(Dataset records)
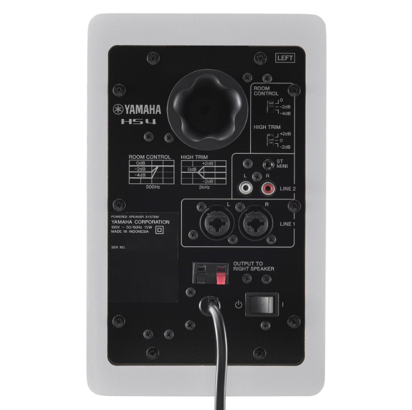 - 2-way bass-reflex powered speaker with 4.5" cone woofer and 1" dome tweeter
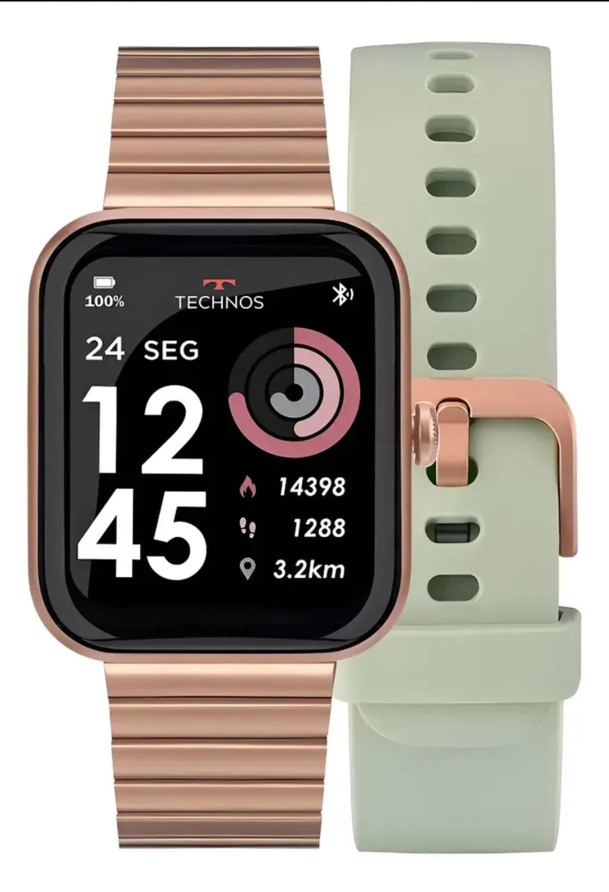 •Ele acompanha duas pulseiras: uma de aço inoxidável em banho Rosé (mas elegante) e outra de silicone verde
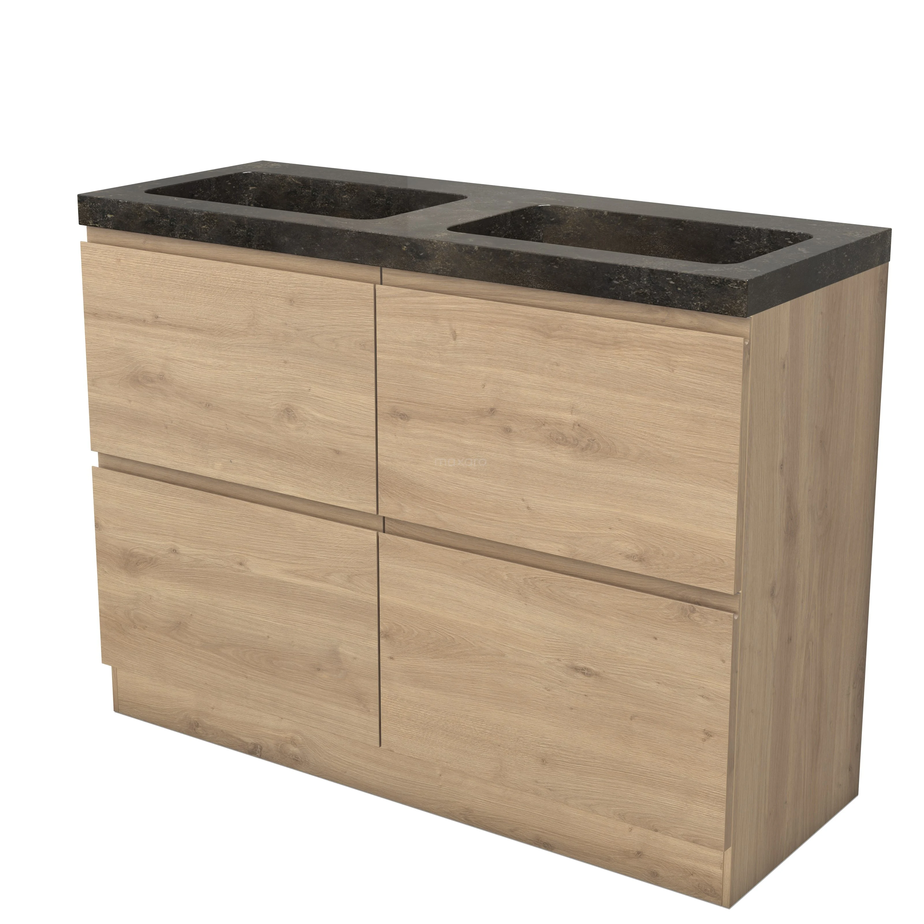 Modulo Bathroom furniture with sink | 120 cm Light brown oak Handle-less front Natural stone 4 standing high drawers
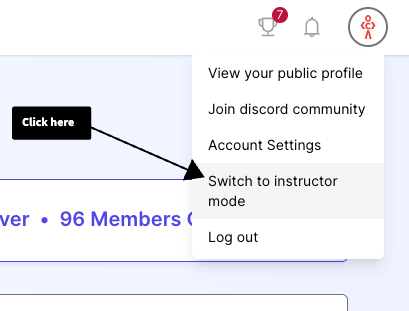Once you have signed up as an instructor, for switching to instructor dashboard, click on the user profile icon on top right:
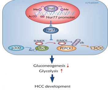 研究中,研究人员首先利用DEN/CCl4和STZ/HFD两种肝癌诱导的小鼠模型(野生型和Nur77敲除型小鼠)发现了Nur77能够显著地抑制肝癌的发生和发展。临床样品检测和统计分析也提示随着肝癌的恶性程度增高,Nur77表达呈明显的下调趋势,且与肝癌患者的预后正相关。在随后的机制研究中通过质谱分析找到了与Nur77相互作用的关键蛋白 -- PEPCK1。PEPCK1是糖异生通路中的一个重要限速酶,在肝癌的发生发展中也发挥抑制作用。但是无论在临床肝癌样品还是体外培养的肝癌细胞中PEPCK1均呈低表达水平,这是由于PEPCK1在124位赖氨酸位点发生了SUMO化修饰,导致蛋白的稳定性降低,并通过泛素-蛋白酶体途径降解。同时,在肝癌中乙酰化酶p300高水平表达,它可以通过乙酰化Ubc9加强其与PEPCK1结合以提高PEPCK1的SUMO化水平,从而促进PEPCK1降解,最终导致糖异生的下调和糖酵解的升高,加速肝癌细胞增殖。然而,Nur77表达不仅抑制了p300对Ubc9的乙酰化,同时也阻断了p300与PEPCK1的结合,从而削弱PEPCK1的SUMO化,稳定其蛋白水平,由此增强糖异生、抑制糖酵解。但是,在肝癌发生发展过程中,由于Nur77启动子发生甲基化,导致其基因和蛋白表达下调,从而无法发挥抑制PEPCK1的 SUMO化及其蛋白降解的功能。所以,抑制PEPCK1 的SUMO化和提高Nur77的表达水平为肝癌治疗提供了一个新方向。
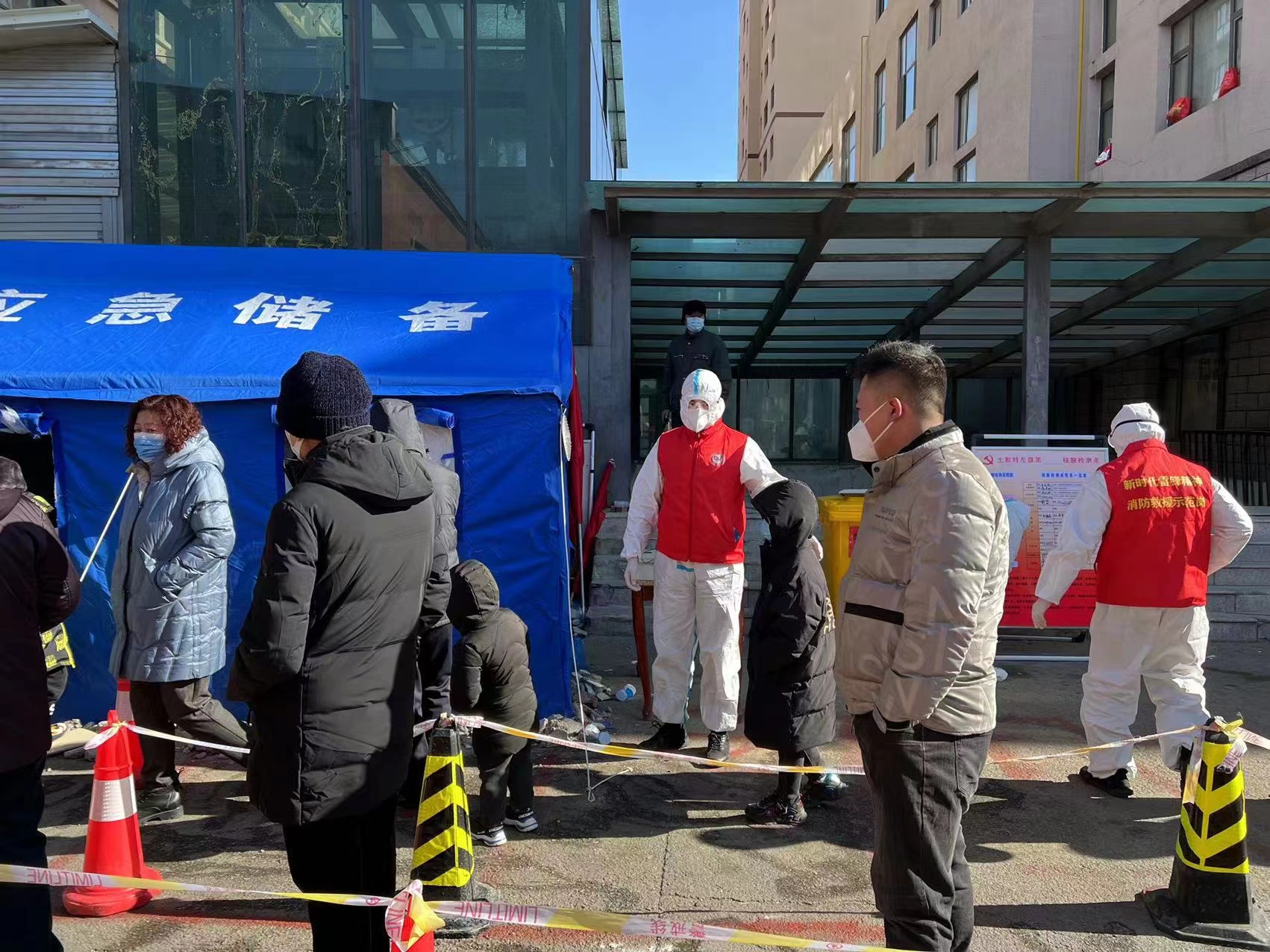 面对来势汹汹的疫情,开发区消防救援大队党支部立即响应,迅速组建防疫志愿者服务队,协助做好辖区范围内全员核酸检测,打赢疫情防控阻击战。期间,参与志愿服务队的消防救援人员按标准穿戴齐全个人防护装备准时到达指定检测地点,按照医护人员核酸检测进程,在自身绝对安全的情况下高效疏导现场备检群众有序排队、保持1米距离进行检测,不断提醒大家全程戴好口罩、不交谈、不聚集。通过疏导人群、维护现场等方式做到应检尽检,确保现场采集工作稳妥有序衔接。
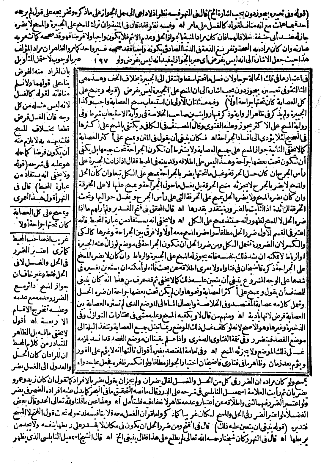 أَقُولُ: لَا يَخْفَى مَا فِيهِ بَلْ الظَّاهِرُ الْمُتَبَادِرُ مِنْ كَلَامِ الْمُحِيطِ أَنَّ الْمُرَادَ إنْ كَانَ الْحَلُّ وَالْعُدُولُ إلَى الْغَسْلِ يَضُرُّ يَمْسَحُ وَلَوْ كَانَ مُرَادُهُ أَنَّ الضَّرَرَ فِي كُلٍّ مِنْ الْحَلِّ وَالْغَسْلِ لَقَالَ يَضُرَّانِ وَلَمْ يَجُزْ أَنْ يَقُولَ يَضُرُّ بِالْإِفْرَادِ كَمَا تَقُولُ إنْ كَانَ زَيْدٌ وَعَمْرٌو يَضْرِبَانِ ثُمَّ رَأَيْت الْعَلَّامَةَ إسْمَاعِيلَ النَّابُلُسِيَّ فِي شَرْحِهِ عَلَى الدُّرَرِ قَالَ مَا نَصُّهُ التَّحْقِيقُ مَا فِي الْبَحْرِ كَمَا يَدُلُّ عَلَيْهِ إفْرَادُهُ الضَّمِيرَ فِي يَضُرُّ وَلَوْ اُعْتُبِرَ الضَّرَرُ فِيهِمَا لَثَنَّى وَإِطْلَاقُهُ عَنْ اعْتِبَارٍ وَعَدَمُهُ ظَاهِرٌ لَا خَفَاءَ فِيهِ فَلْيُتَأَمَّلْ. اهـ.

● **Your instructions**:
Give all the records again, exactly, without images.

● **Response to the exercise**:
 - 2-way bass-reflex powered speaker with 4.5" cone woofer and 1" dome tweeter
 •Ele acompanha duas pulseiras: uma de aço inoxidável em banho Rosé (mas elegante) e outra de silicone verde
 Modulo Bathroom furniture with sink | 120 cm Light brown oak Handle-less front Natural stone 4 standing high drawers
Once you have signed up as an instructor, for switching to instructor dashboard, click on the user profile icon on top right:
 研究中,研究人员首先利用DEN/CCl4和STZ/HFD两种肝癌诱导的小鼠模型(野生型和Nur77敲除型小鼠)发现了Nur77能够显著地抑制肝癌的发生和发展。临床样品检测和统计分析也提示随着肝癌的恶性程度增高,Nur77表达呈明显的下调趋势,且与肝癌患者的预后正相关。在随后的机制研究中通过质谱分析找到了与Nur77相互作用的关键蛋白 -- PEPCK1。PEPCK1是糖异生通路中的一个重要限速酶,在肝癌的发生发展中也发挥抑制作用。但是无论在临床肝癌样品还是体外培养的肝癌细胞中PEPCK1均呈低表达水平,这是由于PEPCK1在124位赖氨酸位点发生了SUMO化修饰,导致蛋白的稳定性降低,并通过泛素-蛋白酶体途径降解。同时,在肝癌中乙酰化酶p300高水平表达,它可以通过乙酰化Ubc9加强其与PEPCK1结合以提高PEPCK1的SUMO化水平,从而促进PEPCK1降解,最终导致糖异生的下调和糖酵解的升高,加速肝癌细胞增殖。然而,Nur77表达不仅抑制了p300对Ubc9的乙酰化,同时也阻断了p300与PEPCK1的结合,从而削弱PEPCK1的SUMO化,稳定其蛋白水平,由此增强糖异生、抑制糖酵解。但是,在肝癌发生发展过程中,由于Nur77启动子发生甲基化,导致其基因和蛋白表达下调,从而无法发挥抑制PEPCK1的 SUMO化及其蛋白降解的功能。所以,抑制PEPCK1 的SUMO化和提高Nur77的表达水平为肝癌治疗提供了一个新方向。
 面对来势汹汹的疫情,开发区消防救援大队党支部立即响应,迅速组建防疫志愿者服务队,协助做好辖区范围内全员核酸检测,打赢疫情防控阻击战。期间,参与志愿服务队的消防救援人员按标准穿戴齐全个人防护装备准时到达指定检测地点,按照医护人员核酸检测进程,在自身绝对安全的情况下高效疏导现场备检群众有序排队、保持1米距离进行检测,不断提醒大家全程戴好口罩、不交谈、不聚集。通过疏导人群、维护现场等方式做到应检尽检,确保现场采集工作稳妥有序衔接。
 أَقُولُ: لَا يَخْفَى مَا فِيهِ بَلْ الظَّاهِرُ الْمُتَبَادِرُ مِنْ كَلَامِ الْمُحِيطِ أَنَّ الْمُرَادَ إنْ كَانَ الْحَلُّ وَالْعُدُولُ إلَى الْغَسْلِ يَضُرُّ يَمْسَحُ وَلَوْ كَانَ مُرَادُهُ أَنَّ الضَّرَرَ فِي كُلٍّ مِنْ الْحَلِّ وَالْغَسْلِ لَقَالَ يَضُرَّانِ وَلَمْ يَجُزْ أَنْ يَقُولَ يَضُرُّ بِالْإِفْرَادِ كَمَا تَقُولُ إنْ كَانَ زَيْدٌ وَعَمْرٌو يَضْرِبَانِ ثُمَّ رَأَيْت الْعَلَّامَةَ إسْمَاعِيلَ النَّابُلُسِيَّ فِي شَرْحِهِ عَلَى الدُّرَرِ قَالَ مَا نَصُّهُ التَّحْقِيقُ مَا فِي الْبَحْرِ كَمَا يَدُلُّ عَلَيْهِ إفْرَادُهُ الضَّمِيرَ فِي يَضُرُّ وَلَوْ اُعْتُبِرَ الضَّرَرُ فِيهِمَا لَثَنَّى وَإِطْلَاقُهُ عَنْ اعْتِبَارٍ وَعَدَمُهُ ظَاهِرٌ لَا خَفَاءَ فِيهِ فَلْيُتَأَمَّلْ. اهـ.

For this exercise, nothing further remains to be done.